Ему кажется, что все на него смотрят. Абсолютно все, без исключений, оборачиваются и сочувственно глядят ему в спину, перешёптываются, жалостливо сводят брови и поджимают губы. Акутагава почти может слышать их голоса. Он представляет, как рвёт их тела на части, снова и снова, пока в этой мерзотной каше нельзя будет опознать даже принадлежность к человеческому роду. И даже тогда их шёпот и соболезнующие взгляды будут преследовать его.
День пролетает очень быстро и абсолютно бесполезно, ускользает, как растаявший снег в руках. Хигучи всё время смотрит в пол и вздрагивает от одного упоминания своего имени, порывается взять всю бумажную работу на себя. Она ничего не говорит ни ему, ни за его спиной, и никогда не посмеет, но то, как ещё пуще прежнего старается постоянно держаться рядом, раздражает куда сильнее.
Разве в нём что-то поменялось? Разве что-то должно поменяться?
— Как ты? — Гин ловит его в коридоре. Они встречаются впервые за пару дней, она пропадала на задании с Чёрными ящерицами. Лучше бы и не виделись — получить этот взгляд от неё хуже всего.
Акутагава фыркает и отворачивается, лишь бы не смотреть.
— Что за вопрос? Также, как и всегда. Давно ты вернулась?
— Я слышала про Ацуши, — ещё настойчивее сжимает его локоть.
— И? — холодно. Ему никогда не было так холодно.
— Он ведь твой напарни...
— Мне, что, по нему реквием спеть? — выходит даже слишком резко, он не хотел так с сестрой, но раздражение жжёт его изнутри. Вырвав руку из её хватки, Рюноске удаляется в противоположном направлении.

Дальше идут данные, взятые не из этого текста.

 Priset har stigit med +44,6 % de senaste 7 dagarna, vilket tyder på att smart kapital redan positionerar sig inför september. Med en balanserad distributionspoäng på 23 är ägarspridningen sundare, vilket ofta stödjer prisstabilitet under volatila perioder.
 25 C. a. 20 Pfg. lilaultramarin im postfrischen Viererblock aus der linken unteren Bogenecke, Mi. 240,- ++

Он не понимает, почему что-то должно изменится, почему все носятся с ним, как с хрустальным. Тигр идиот, причём, как оказалось, неисправимый. И не умеет держать обещания.
У Тигра в последнюю их вынужденную встречу было странно приподнятое настроение, не сошедшее с него даже после четырёх комментариев Акутагавы по этому поводу. Он улыбался и щурил свои большие наивные глаза от осеннего солнца, раскинувшись на песке. Акутагава стоял рядом, выжимал свою одежду от воды и едва удерживался от желания пронзить его тело Расёмоном.

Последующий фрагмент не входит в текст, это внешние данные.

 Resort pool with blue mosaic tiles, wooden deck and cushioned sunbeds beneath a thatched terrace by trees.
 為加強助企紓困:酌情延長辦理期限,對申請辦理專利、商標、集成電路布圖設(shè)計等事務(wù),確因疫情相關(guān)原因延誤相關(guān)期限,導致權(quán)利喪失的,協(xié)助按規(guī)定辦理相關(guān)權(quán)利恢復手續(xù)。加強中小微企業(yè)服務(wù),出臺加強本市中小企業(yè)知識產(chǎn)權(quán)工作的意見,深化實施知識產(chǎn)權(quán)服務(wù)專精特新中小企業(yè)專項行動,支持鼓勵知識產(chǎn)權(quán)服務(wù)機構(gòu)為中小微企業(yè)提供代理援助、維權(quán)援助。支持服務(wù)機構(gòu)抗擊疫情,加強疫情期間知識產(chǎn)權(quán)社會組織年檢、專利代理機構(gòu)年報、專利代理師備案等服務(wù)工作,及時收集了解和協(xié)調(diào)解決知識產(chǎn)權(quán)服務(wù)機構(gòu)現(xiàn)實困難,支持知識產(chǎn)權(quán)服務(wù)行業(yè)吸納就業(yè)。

— Я просто рад, что всё хорошо, — ответил он тогда. На влажные волосы налип песок, то же самое случилось и с одеждой, мокро льнущей к худощавому телу. Смотреть на него было невыносимо по многим причинам. — Кёку зачислили в школу, Агентство и мафия сотрудничают, никакой локальной угрозы не предвидится.
— Ничего не хорошо, Тигр. Как только весь этот фарс закончится, я тебя прикончу.
— Ага.
Тогда Акутагава подумал, что Накаджима невыносимый идиот. Кто ещё станет беспричинно улыбаться в тускнеющее небо после битвы и вынужденного купания в заливе?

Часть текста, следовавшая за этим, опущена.